With the Spectra WaveWriter System, patients can combine both of these therapies to target one specific area of pain or use each therapy as needed to best manage multiple areas of pain. Patients provide real-time feedback using the system’s remote control. The Spectra WaveWriter System was developed with more than a decade of clinical research focused on optimizing sub-perception stimulation and delivering multiple therapies intended for more effective, long-term pain relief.
“Everyone experiences pain differently and patients can sometimes become less responsive to therapy as their pain changes over time. The Spectra WaveWriter System is breakthrough technology that offers patients flexibility to meet their individual needs for lasting relief. Treatment options like this are important as we face the challenge of providing patients relief from pain without relying solely on opioids.”
More than 100 million Americans suffer from chronic pain and it is the number one cause of disability in adults in the U.S.1,2 SCS was introduced more than 40 years ago. Unlike most surgical procedures, it is reversible. Patients undergo a trial period allowing them to evaluate it before deciding to receive a permanent implant.
To learn more, visit ControlYourPain.com or contact us to see if you are a candidate.
1https://www.cdc.gov/drugoverdose/epidemic/index.html
2Institute of Medicine. Relieving pain in America: a blueprint for transforming prevention, care, education and research. Washington, DC: National Academies Press, 2011.
Sub-perception stimulation has been demonstrated to be safe and effective in patients who have been treated successfully with conventional, paresthesia-inducing stimulation for at least six months. Full stimulation parameter ranges and options for both paresthesia-based and sub-perception therapy are available for clinician’s use throughout the patient’s experience and treatment with SCS.

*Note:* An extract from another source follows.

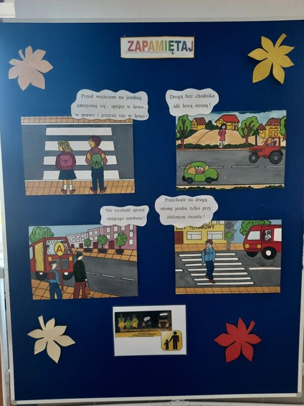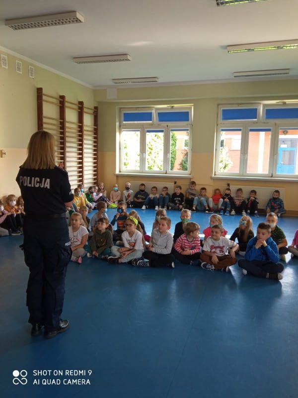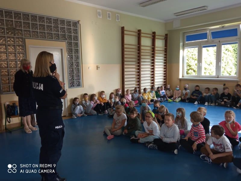 Podsumowując całą akcję w dniu 27 września 2021r. odbyło się spotkanie edukacyjne klas I-III z Panią z KPP w Mielcu. Celem prelekcji było przypomnienie zasad bezpieczeństwa w szkole i poza nią. Policjant rozmawiał z dziećmi o podstawowych zasadach bezpieczeństwa w ruchu drogowym oraz radził jak unikać niebezpieczeństw, na które narażeni są pokonując codzienną drogę do szkoły i domu.
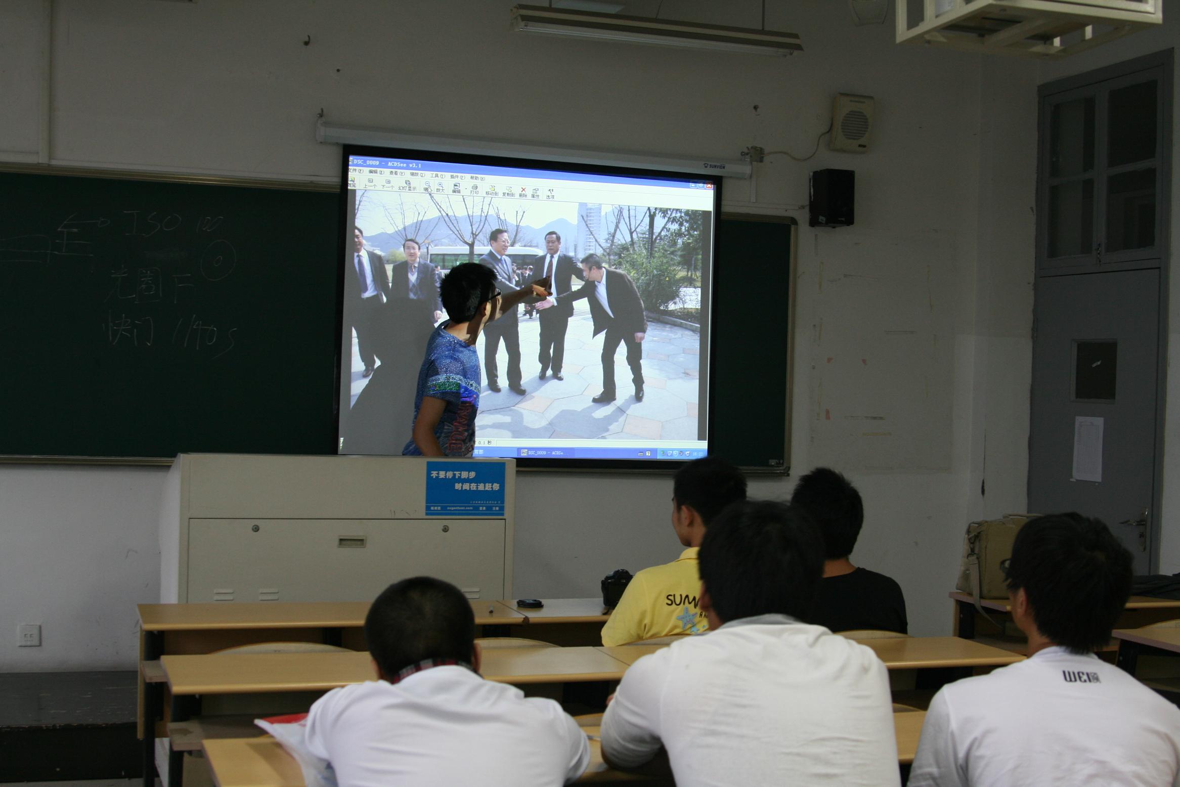 首先,杨涛同学讲解了关于单镜头反光相机的主要工作原理,以及最基本的例如快门时间、光圈、感光度的知识。接着,杨涛同学向同学们强调拍摄新闻照片的重要性,在拍摄新闻照片时,应注重质量、技巧而非数量。然后,他通过实例对比、现场演示向同学们详细地介绍了拍摄新闻照片的具体方法、拍摄技巧以及拍摄时应注意的问题等,并指出拍摄新闻照片时要以新闻主题、新闻人物、新闻事件等要素为主。最后,杨涛向同学们分享自己的拍摄心得以及自己的拍摄经验。

Indications for Use: The Boston Scientific Spinal Cord Stimulator Systems are indicated as an aid in the management of chronic intractable pain of the trunk and/or limbs including unilateral or bilateral pain associated with the following: failed back surgery syndrome, Complex Regional Pain Syndrome (CRPS) Types I and II, intractable low back pain and leg pain. Associated conditions and etiologies may be: radicular pain syndrome, radiculopathies resulting in pain secondary to failed back syndrome or herniated disc, epidural fibrosis, degenerative disc disease (herniated disc pain refractory to conservative and surgical interventions), arachnoiditis, multiple back surgeries. Contraindications, warnings, precautions, side effects. The SCS Systems are contraindicated for patients who: are unable to operate the SCS System, have failed trial stimulation by failing to receive effective pain relief, are poor surgical risks, or are pregnant. Refer to the Instructions for Use provided with the SCS System or ControlYourPain.com for potential adverse effects, warnings, and precautions prior to using this product. Caution: U.S. Federal law restricts this device to sale by or on the order of a physician.